Partnership enhances mining supply chain

Broad-based supply chain management company Super Group has been appointed as the sole logistics service provider for mining equipment and services provider Sandvik Mining and Construction (Sandvik).

The contract includes the management of Sandvik’s outbound national distribution, as well as its cross border deliveries to Botswana and Namibia, reports Sandvik Regional Logistics Manager, Rodger Winter.

“Currently, Super Group covers over 5,7-million kilometres a year distributing Sandvik’s products to more than 70 delivery points across Southern Africa. The goal is to ensure that Sandvik’s customers receive the right parts, at the right time, in the right condition, all in a cost-effective manner,” says Winter.

He explains that, through close cooperation between Super Group on-site staff and Sandvik staff, together with a pool of emergency vehicles that are used when required, the efficiency of deliveries has been increased, enabling Sandvik to eliminate unnecessary transport costs.

Further, as strategic partners, Sandvik and Super Group have designed ‘milk-run’ deliveries to Sandvik’s clients from its main warehouse in Jet Park, Johannesburg, and its satellite branches in Rustenburg and Burgersfort.

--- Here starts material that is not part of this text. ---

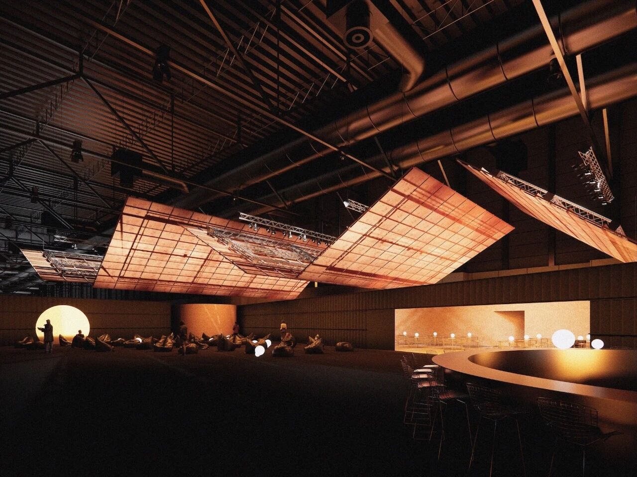 沙盘展示区的设计,以古朴的色调为基础,以白色的体块为界面,再铺陈以自然的灯光,营造出质朴而澄净,宁静而空明的意境,让视线聚焦在空间中心。

“Other value-adding initiatives currently being used or in the process of being developed, include real-time proof of delivery (POD) management, POD’s available electronically, full supply chain visibility, product track and trace, live vehicle tracking, delivery process optimisation and client communication,” says Super Group’s Jonathan Fitzpatrick.

This is achieved through advancements in Super Group’s service delivery, such as the My Dashboard system, a Web-based tracking system that enables Sandvik to track the delivery progress of orders and view electronic PODs.

Green Fleet is another system soon to be tested. It will allow Sandvik to view live POD signature information.

“The success of these initiatives has resulted in a customer service level in excess of 99,5%, while at the same time ensuring effective cost control and management,” says Fitzpatrick.

He says that challenges faced by the logistics industry include the increasing fuel price and strikes at mines, which cause mining operations to close, making the delivery of goods impossible. Poor road infrastructure and conditions, such as potholes, cause extra wear on tyres and vehicles; and the possible toll fee charges on highways have also put the industry at a disadvantage.

Fitzpatrick adds that the introduction of administrative adjudication of road traffic offences (AARTO) could hold potentially negative consequences for the logistics field. AARTO involves the implementation of a points system by the traffic department that could result in a driver’s licence being suspended for three months or more.

“In addition, many of the mines we service are in remote areas, resulting in problems with animals on the road slowing down vehicles, while the recession has caused certain mines to close shafts and reduce their productivity,” concludes Fitzpatrick.